While our study suggests that impairment of VLDL secretion is frequently involved in drug-induced steatosis without severe mitochondrial dysfunction, we acknowledge that more compounds should be studied in order to confirm this hypothesis. Nevertheless, numerous drugs induce ER stress (Chen et al. 2014; Foufelle and Fromenty 2016), which in turn can impair VLDL assembly by various mechanisms (Fisher et al. 2014). For instance, ER stress triggers apoB degradation via proteasomal and nonproteasomal pathways (Qiu et al. 2009, 2011), or might induce a reduction of apoB mRNA levels as suggested by our results. Notably, drug-induced reduction of VLDL secretion can cause a limitation of clinical use because of high risk of hepatic steatosis, as previously reported with lomitapide and mipomersen, an antisense oligonucleotide directed against apoB-100 (Gouni-Berthold and Berthold, 2015; Hooper et al. 2015). Hence, if our data are extended to a larger number of drugs, it would be important in the future to include during preclinical safety studies a systematic exploration of the hepatic VLDL secretion pathway. This is easily feasible with high-throughput measurement of apoB and apoC3 levels in culture media. Moreover, for drugs that are already on the market, recommendations should be done regarding the association of pharmaceuticals impairing VLDL output. Warning should also be expressed with respect to prescription of such compounds in patients with pre-existing liver disease featuring fatty liver or steatohepatitis such as NAFLD, alcoholic liver disease, and chronic hepatitis C virus infection.

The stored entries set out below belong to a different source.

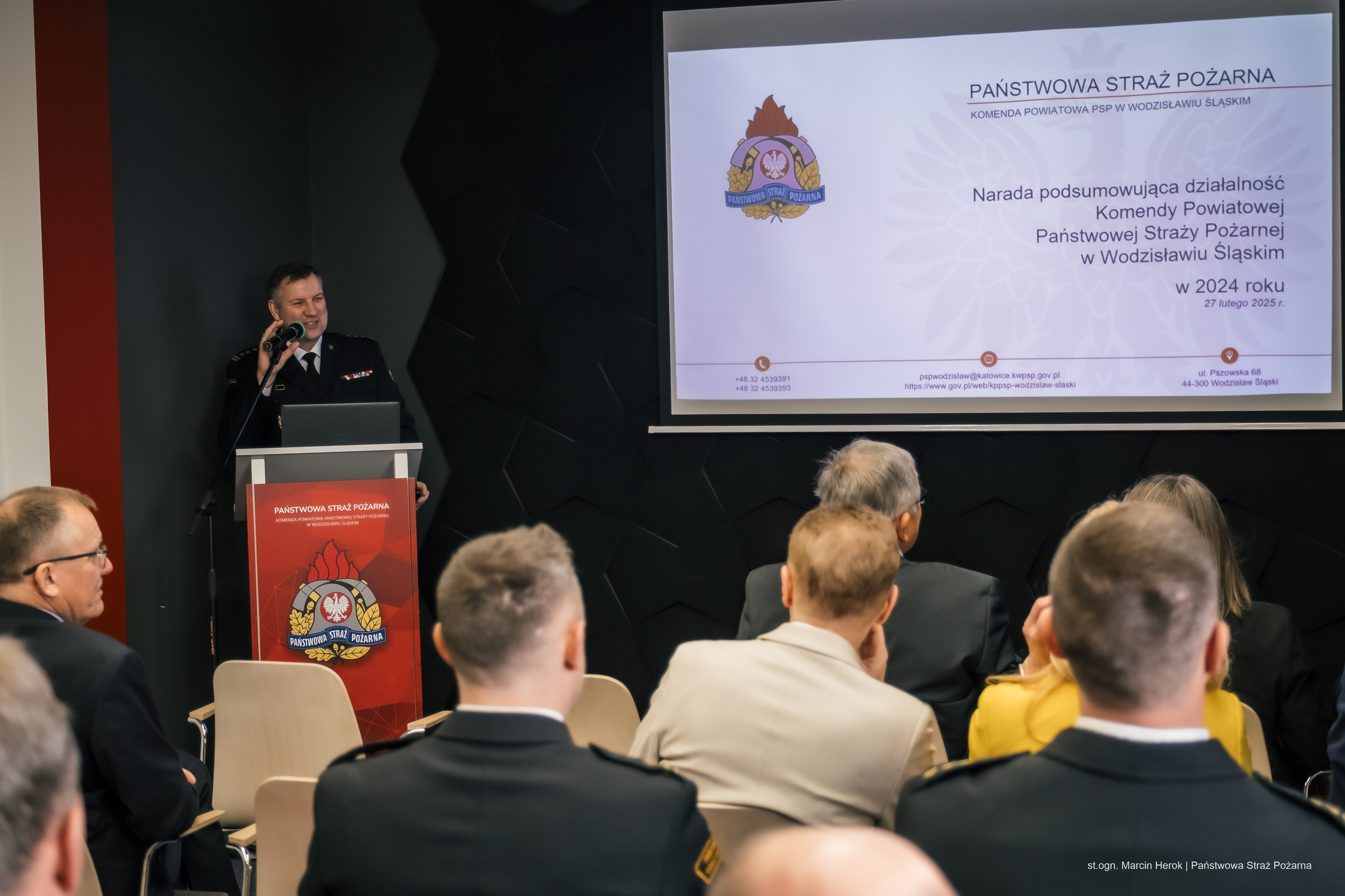 27 lutego 2025 roku w Komendzie Powiatowej Państwowej Straży Pożarnej w Wodzisławiu Śląskim odbyła się narada roczna podsumowująca działania wodzisławskich strażaków w roku 2024.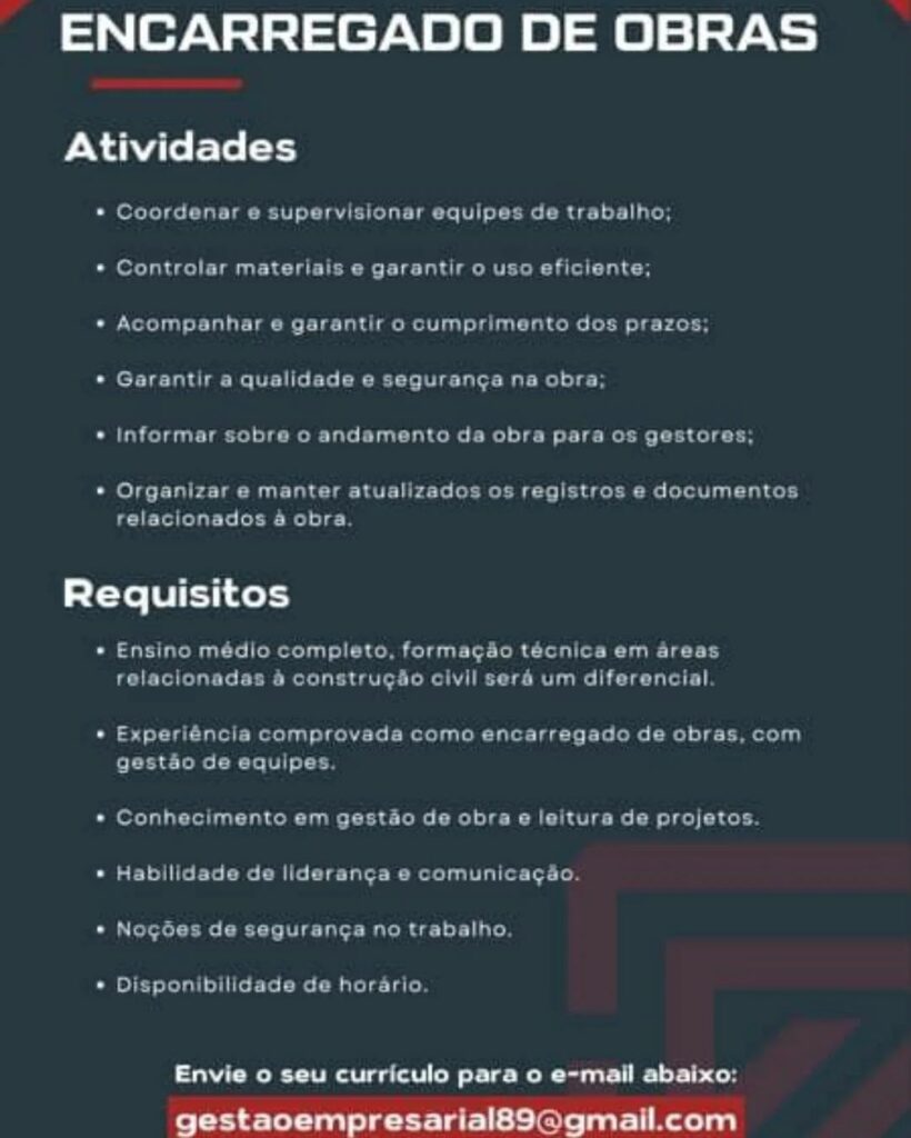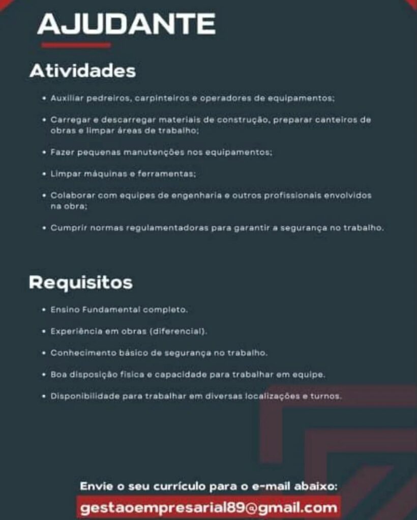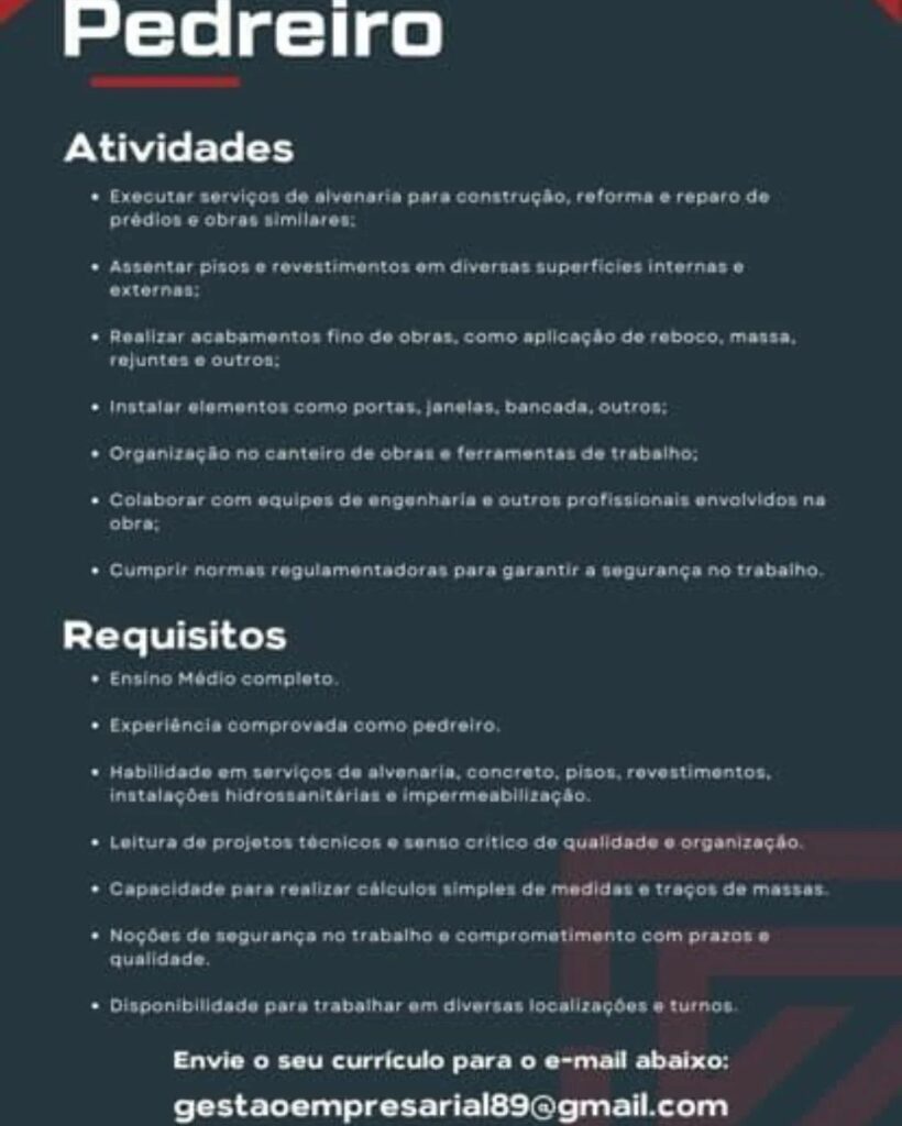 Seleção para seguintes vagas Pedreiro, Encarregado de Obras, Ajudante; Envie seu currículo!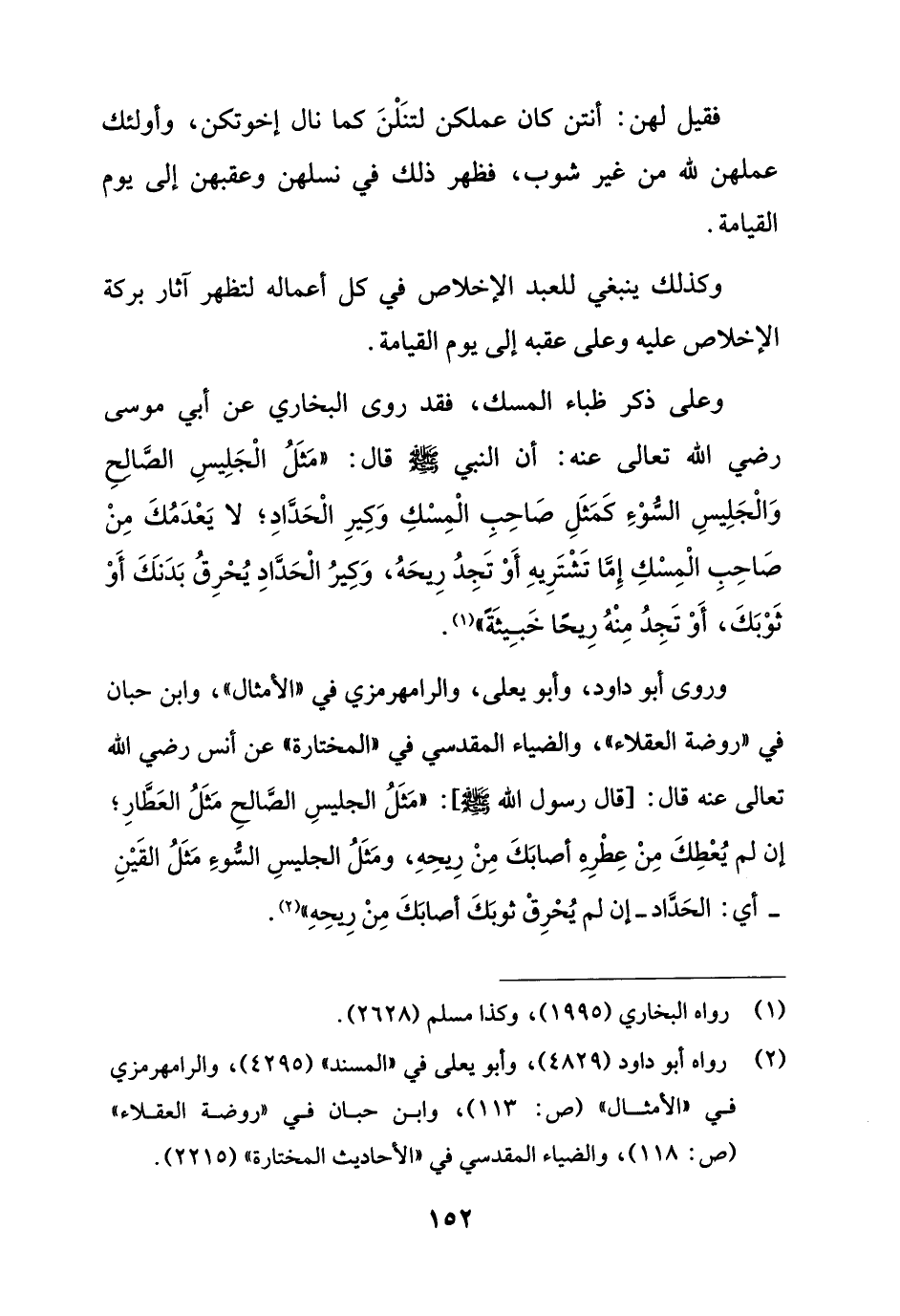 وروى أبو داود، وأبو يعلى، والرامهرمزي في "الأمثال"، وابن حبان في "روضة العقلاء"، والضياء المقدسي في "المختارة" عن أنس رضي الله تعالى عنه قال: [قال رسول الله - صلى الله عليه وسلم -]: "مَثَلُ الجليسِ الصَّالحِ مَثَلُ العَطَّار؛ إن لم يُعْطِكَ مِنْ عِطْرِهِ أصابَكَ مِنْ رِيحِهِ، ومَثَلُ الجليسِ السُّوءِ مَثَلُ القَيْنِ - أي: الحدَّاد - إن لم يُحْرِقْ ثوبَكَ أصابَكَ مِنْ رِيحِهِ" (¬2).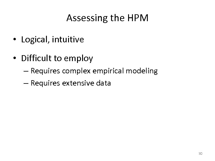 Assessing the HPM • Logical, intuitive • Difficult to employ – Requires complex empirical modeling – Requires extensive data 30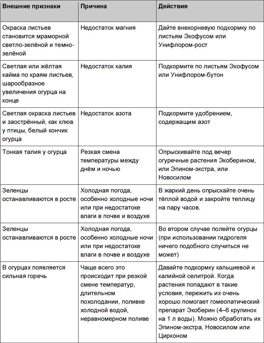 Огурцы не любят кислую, плотную, бедную, холодную почву, поливы холодной водой (ниже 20 °C), сквозняки, резкую смену температур днём и ночью (начинают горчить), холодные ночи (ночью температура не должна опускаться ниже 12–16 °C, иначе зеленцы не растут). В дневное время огурец предпочитает температуру 22–28 °C. Рост и развитие огурца замедляются при температуре ниже 20 °C, при температуре выше 32 °C – приостанавливаются, а при температуре выше 36–38 °C не происходит опыления.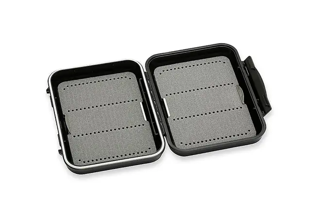 En fluekasse der to streamersystem for skum er satt inn. Skyv kroken inn i spora som er i skummet. Unngå å sette krokspissene direkte inn i skummet, da vil ikke skummet bli skadet.

Among the nine drugs inducing steatosis in HepaRG cells, METHO was the only drug for which we could not find the mechanism(s) of lipid accumulation in HepaRG cells. Indeed, METHO did not reduce mtFAO and apoB secretion, nor it did enhance DNL. However, 50 and 150 μM METHO significantly increased by 60% and 55% the mRNA level of fatty acid translocase (FAT, also known as CD36) (Supplementary Fig. 11). FAT/CD36 mRNA level was also significantly augmented by AMIO and INDO (Supplementary Fig. 11), but future investigations will be required to determine whether these drugs also increase the activity of this translocase. Enhanced FAT/CD36 expression and activity plays a major role in higher hepatic fatty acid uptake and fatty liver in different pathophysiological situations (He et al. 2011; Zhang et al. 2018). Previous studies also suggested that steatosis induced by RIF, tetracycline, and valproic acid could be, at least in part, secondary to increased FAT/CD36 expression or activity (Benet et al. 2014; Choi et al. 2015; Huang et al. 2016), although this effect was not observed with RIF in our study (Supplementary Fig. 11). Nonetheless, these investigations and ours strengthen the concept that for exposure not inducing severe mitochondrial dysfunction drugs can induce steatosis through different mechanisms.

Finally, it is noteworthy that ALLO, 5FU, and TRO-induced impairment of apoB secretion was associated with increased mtFAO and reduced DNL in a similar manner than tunicamycin and thapsigargin. This suggests that common metabolic adaptations may occur to limit lipid accumulation induced by some ER stressors. Whether drugs which inhibit mtFAO (AMIO, INDO, RIF) and/or activate DNL (AMIO, INDO, SUL) impair these metabolic adaptations warrants further study.